Title : Explainable Ai based dilated convolutional self-attention based bidirectional gated network for epilepsy seizure detection
Abstract:
Epilepsy affects 50 million people worldwide and has a significant influence on their quality of life. Epilepsy prevalence varies depending on a variety of conditions, although it is more frequent in underdeveloped countries. This underscores the crucial need for advances in treatment and prevention approaches to improve people's quality of life around the world. Therefore, the proposed study introduces a novel Explainable AI (XAI) based hybrid deep learning model for detecting epilepsy seizures. The most important processes in this study are collecting data, pre-processing, extracting features, and detection. Initially, input EEG signals are acquired from a publicly available dataset, then pre-processing is performed to improve signal quality by removing artifacts using the Windowing-based Modified Notch Impulse Response Filter (WMNIRF) approach.

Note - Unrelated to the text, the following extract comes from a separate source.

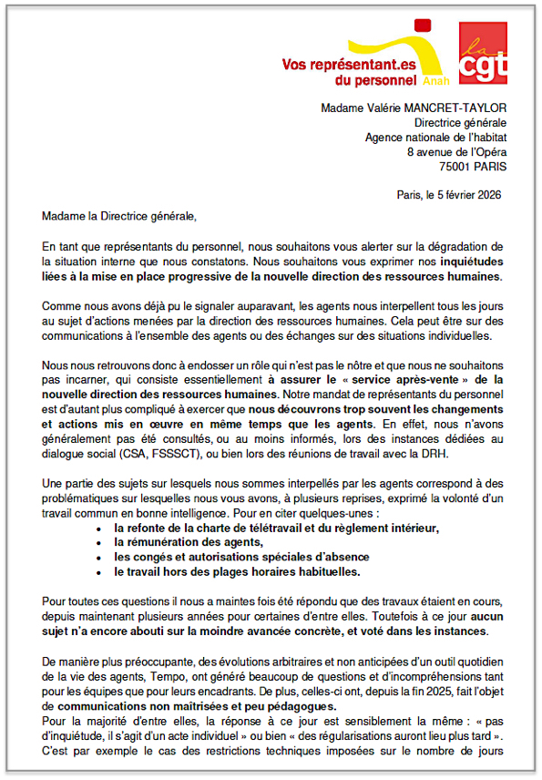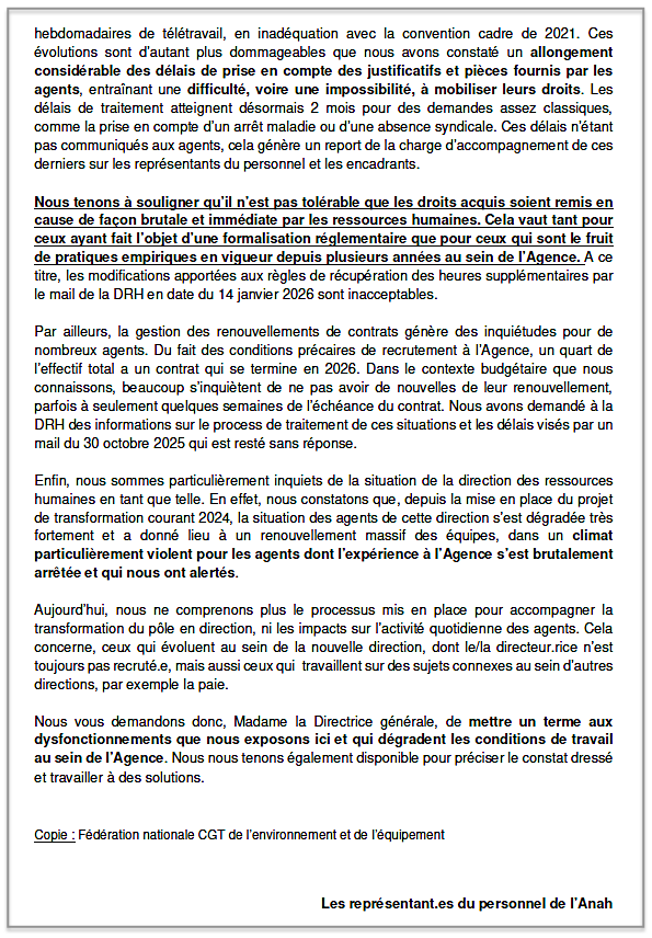 Message des représentants de la CGT-ANAH aux personnels et Courrier du 05 février 2026 à la Directrice de l’agence demandant de mettre fin aux actions intolérables menées par la nouvelle DRH, remettant notamment en question plusieurs droits conquis :

Then, the necessary features are extracted in the feature extracted stage using an Improved Pseudo-Wigner Ville Distribution (IPWVD) and Extended Fast Fourier Transform (EFFT) methods. From the extracted features, the most optimal feature sets are selected to reduce the feature dimensionality problem using Maximum Information Coefficient based Frilled Lizard Optimization (MIC-FLO) approach. Finally, based on the selected features, the epilepsy seizures are detected by proposing a novel Dilated Convolutional Self-Attention based Bidirectional Gated Network (DC-SA-BiGN) model. Finally, for making the proposed deep learning based detection model as more interpretable, Shapley Additive Explanations (SHAP) is utilized and it can analyse the features that more necessary for seizure detection. In addition, the proposed model attain accuracy of 96%, precision of 97%, recall of 96%, and specificity of 96%.